Data:
========

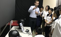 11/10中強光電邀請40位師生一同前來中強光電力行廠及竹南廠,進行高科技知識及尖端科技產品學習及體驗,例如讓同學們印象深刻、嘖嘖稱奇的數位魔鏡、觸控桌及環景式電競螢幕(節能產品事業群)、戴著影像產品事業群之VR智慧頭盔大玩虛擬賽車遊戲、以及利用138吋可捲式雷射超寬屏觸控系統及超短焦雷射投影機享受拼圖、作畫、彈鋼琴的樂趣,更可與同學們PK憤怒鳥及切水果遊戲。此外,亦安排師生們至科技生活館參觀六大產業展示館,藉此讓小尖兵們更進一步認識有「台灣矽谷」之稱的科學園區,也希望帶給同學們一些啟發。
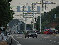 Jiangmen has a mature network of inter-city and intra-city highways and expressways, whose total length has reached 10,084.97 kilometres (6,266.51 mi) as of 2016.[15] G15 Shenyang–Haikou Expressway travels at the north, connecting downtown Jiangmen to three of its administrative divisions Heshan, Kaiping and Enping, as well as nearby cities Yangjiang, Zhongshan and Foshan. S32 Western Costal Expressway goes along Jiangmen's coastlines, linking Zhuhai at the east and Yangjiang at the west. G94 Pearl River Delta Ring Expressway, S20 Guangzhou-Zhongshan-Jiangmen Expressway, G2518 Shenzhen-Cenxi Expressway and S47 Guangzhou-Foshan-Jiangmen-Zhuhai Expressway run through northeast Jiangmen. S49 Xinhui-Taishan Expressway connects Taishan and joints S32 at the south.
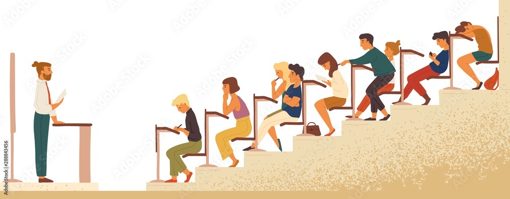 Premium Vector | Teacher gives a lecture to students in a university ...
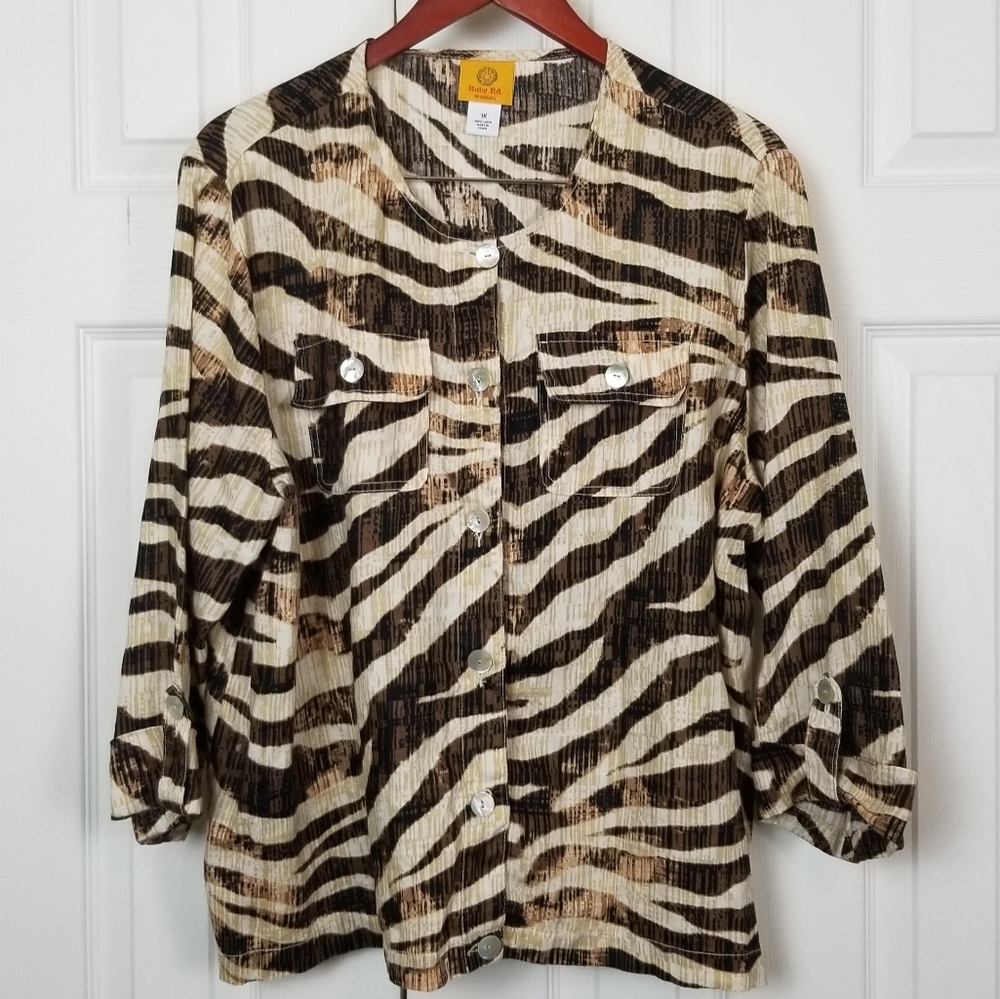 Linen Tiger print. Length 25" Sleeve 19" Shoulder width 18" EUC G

========

What needs to be done:
Would you reproduce the lines from the one with "Premium Vector |" through the final line of the data above, exactly and only those, without any pictures?

Answer below:
 Premium Vector | Teacher gives a lecture to students in a university ...
 Linen Tiger print. Length 25" Sleeve 19" Shoulder width 18" EUC G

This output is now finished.